Data excerpt ->

____________

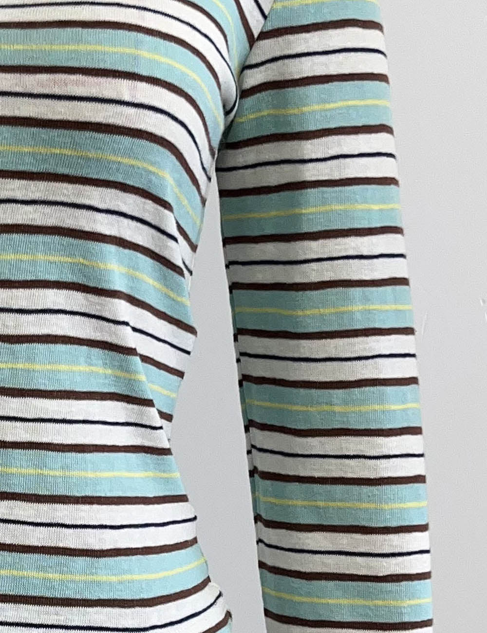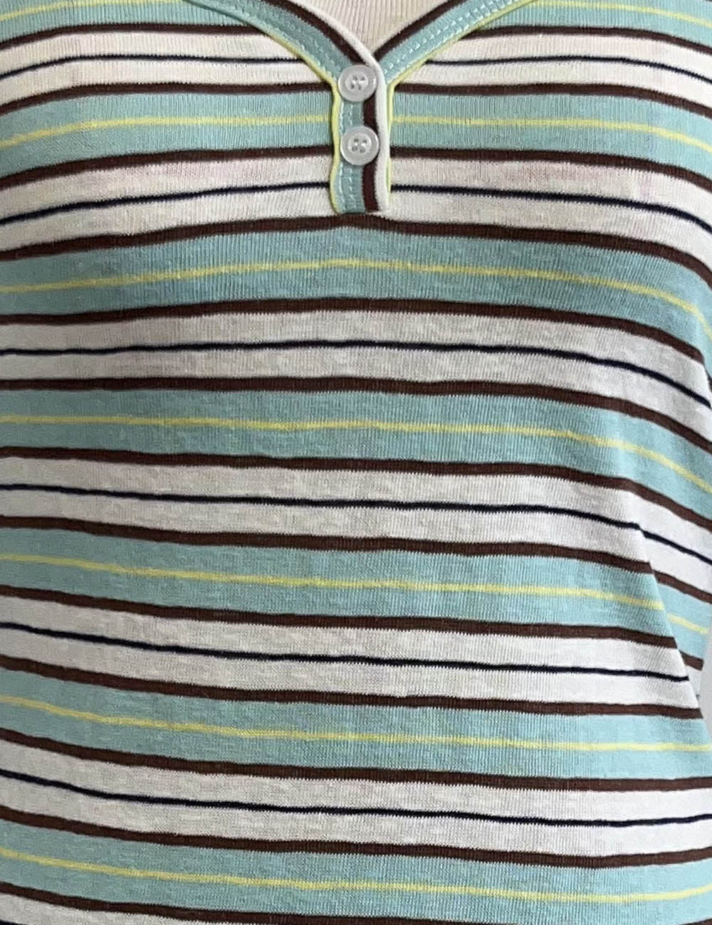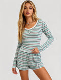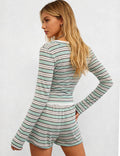 Ladies Striped Button V-Neck Top & Elastic Waist Shorts Set
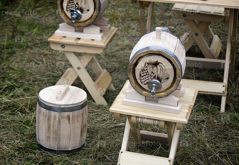 Деревянная дубовая бочка вина с металлическими краном на ярмарке
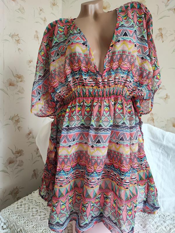 Лёгкая полупрозрачная туника с глубоким V-образным вырезом спереди. По спинке кокетливый разрез. В поясе на резинке. Рукав кимоно, спущенная пройма, до локтя. Принт в этностиле в пастельных тонах. Ткань искусственный шелк, приятная к телу. Смотрится очень эффектно. Состояние новой вещи, следы ношения отсутствуют.
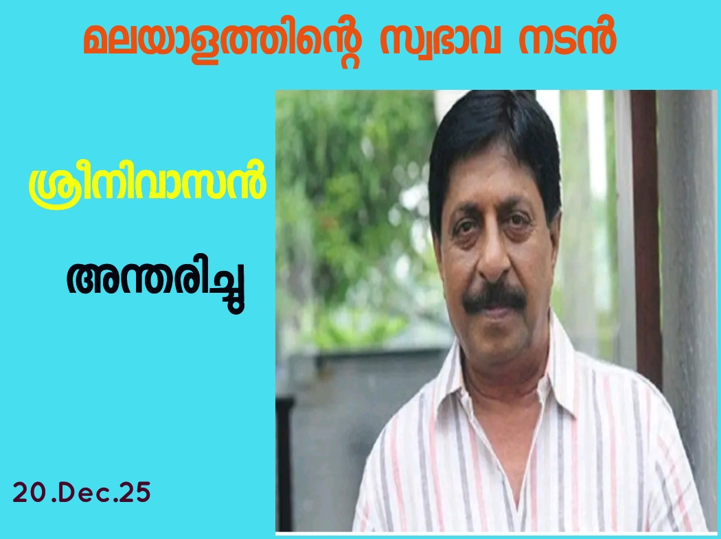 കൊച്ചി :മലയാള ചലച്ചിത്ര ലോകത്തെ അതുല്യ പ്രതിഭയും നടനും തിരക്കഥാകൃത്തും സംവിധായകനുമായ ശ്രീനിവാസൻ (69) കൊച്ചിയിലെ സ്വകാര്യ ആശുപത്രിയിൽ വെച്ച് അന്തരിച്ചു. വാർദ്ധക്യസഹജമായ അസുഖങ്ങളെ തുടർന്ന് ദീർഘകാലമായി ചികിത്സയിലായിരുന്ന അദ്ദേഹത്തിന്റെ അന്ത്യം ഇന്ന് പുലർച്ചെയായിരുന്നു. 1976-ൽ പി.എ. ബക്കറുടെ ‘മണിമുഴക്കം’ എന്ന ചിത്രത്തിലൂടെ അഭിനയരംഗത്തെത്തിയ ശ്രീനിവാസൻ, പിന്നീട് തന്റെ തനതായ ശൈലിയിലുള്ള സംഭാഷണങ്ങളിലൂടെയും സാമൂഹിക പരിഹാസത്തിലൂടെയും (Sarcasm) മലയാളികളുടെ പ്രിയങ്കരനായി മാറി. ‘സന്ദേശം’, ‘നാടോടിക്കാറ്റ്’, ‘വരവേൽപ്പ്’, ‘മിഥുനം’ തുടങ്ങി രാഷ്ട്രീയവും സാമൂഹികവുമായ വിഷയങ്ങൾ ഹാസ്യത്തിന്റെ അകമ്പടിയോടെ അവതരിപ്പിച്ച അദ്ദേഹത്തിന്റെ തിരക്കഥകൾ മലയാള സിനിമയിലെ ക്ലാസിക്കുകളായി ഇന്നും നിലകൊള്ളുന്നു. സംവിധായകൻ എന്ന നിലയിൽ ‘വടക്കുനോക്കിയന്ത്രം’, ‘ചിന്താവിഷ്ടയായ ശ്യാമള’ എന്നീ സിനിമകളിലൂടെ സംസ്ഥാന-ദേശീയ പുരസ്കാരങ്ങൾ അദ്ദേഹം കരസ്ഥമാക്കിയിട്ടുണ്ട്. ദാസൻ-വിജയൻ കൂട്ടുകെട്ടിലെ വിജയനായും തളത്തിൽ ദിനേശനായും ലാലൻ പനയ്ക്കലായും വേഷമിട്ട് പ്രേക്ഷകരെ ചിരിപ്പിക്കുകയും ചിന്തിപ്പിക്കുകയും ചെയ്ത ആ കാലഘട്ടം ഇതോടെ ഓർമ്മയാവുകയാണ്. വിമലയാണ് ഭാര്യ. പിന്നണി ഗായകനും നടനുമായ വിനീത് ശ്രീനിവാസൻ, നടൻ ധ്യാൻ ശ്രീനിവാസൻ എന്നിവർ മക്കളാണ്. ശ്രീനിവാസന്റെ വിയോഗം മലയാള ചലച്ചിത്ര മേഖലയ്ക്ക് നികത്താനാവാത്ത നഷ്ടമാണ് ഉണ്ടാക്കിയിരിക്കുന്നത്.

____________

The problem ->
Everything in the listing above must be restated word for word, except the images.

Finished task ->
 Ladies Striped Button V-Neck Top & Elastic Waist Shorts Set
 Деревянная дубовая бочка вина с металлическими краном на ярмарке
 Лёгкая полупрозрачная туника с глубоким V-образным вырезом спереди. По спинке кокетливый разрез. В поясе на резинке. Рукав кимоно, спущенная пройма, до локтя. Принт в этностиле в пастельных тонах. Ткань искусственный шелк, приятная к телу. Смотрится очень эффектно. Состояние новой вещи, следы ношения отсутствуют.
 കൊച്ചി :മലയാള ചലച്ചിത്ര ലോകത്തെ അതുല്യ പ്രതിഭയും നടനും തിരക്കഥാകൃത്തും സംവിധായകനുമായ ശ്രീനിവാസൻ (69) കൊച്ചിയിലെ സ്വകാര്യ ആശുപത്രിയിൽ വെച്ച് അന്തരിച്ചു. വാർദ്ധക്യസഹജമായ അസുഖങ്ങളെ തുടർന്ന് ദീർഘകാലമായി ചികിത്സയിലായിരുന്ന അദ്ദേഹത്തിന്റെ അന്ത്യം ഇന്ന് പുലർച്ചെയായിരുന്നു. 1976-ൽ പി.എ. ബക്കറുടെ ‘മണിമുഴക്കം’ എന്ന ചിത്രത്തിലൂടെ അഭിനയരംഗത്തെത്തിയ ശ്രീനിവാസൻ, പിന്നീട് തന്റെ തനതായ ശൈലിയിലുള്ള സംഭാഷണങ്ങളിലൂടെയും സാമൂഹിക പരിഹാസത്തിലൂടെയും (Sarcasm) മലയാളികളുടെ പ്രിയങ്കരനായി മാറി. ‘സന്ദേശം’, ‘നാടോടിക്കാറ്റ്’, ‘വരവേൽപ്പ്’, ‘മിഥുനം’ തുടങ്ങി രാഷ്ട്രീയവും സാമൂഹികവുമായ വിഷയങ്ങൾ ഹാസ്യത്തിന്റെ അകമ്പടിയോടെ അവതരിപ്പിച്ച അദ്ദേഹത്തിന്റെ തിരക്കഥകൾ മലയാള സിനിമയിലെ ക്ലാസിക്കുകളായി ഇന്നും നിലകൊള്ളുന്നു. സംവിധായകൻ എന്ന നിലയിൽ ‘വടക്കുനോക്കിയന്ത്രം’, ‘ചിന്താവിഷ്ടയായ ശ്യാമള’ എന്നീ സിനിമകളിലൂടെ സംസ്ഥാന-ദേശീയ പുരസ്കാരങ്ങൾ അദ്ദേഹം കരസ്ഥമാക്കിയിട്ടുണ്ട്. ദാസൻ-വിജയൻ കൂട്ടുകെട്ടിലെ വിജയനായും തളത്തിൽ ദിനേശനായും ലാലൻ പനയ്ക്കലായും വേഷമിട്ട് പ്രേക്ഷകരെ ചിരിപ്പിക്കുകയും ചിന്തിപ്പിക്കുകയും ചെയ്ത ആ കാലഘട്ടം ഇതോടെ ഓർമ്മയാവുകയാണ്. വിമലയാണ് ഭാര്യ. പിന്നണി ഗായകനും നടനുമായ വിനീത് ശ്രീനിവാസൻ, നടൻ ധ്യാൻ ശ്രീനിവാസൻ എന്നിവർ മക്കളാണ്. ശ്രീനിവാസന്റെ വിയോഗം മലയാള ചലച്ചിത്ര മേഖലയ്ക്ക് നികത്താനാവാത്ത നഷ്ടമാണ് ഉണ്ടാക്കിയിരിക്കുന്നത്.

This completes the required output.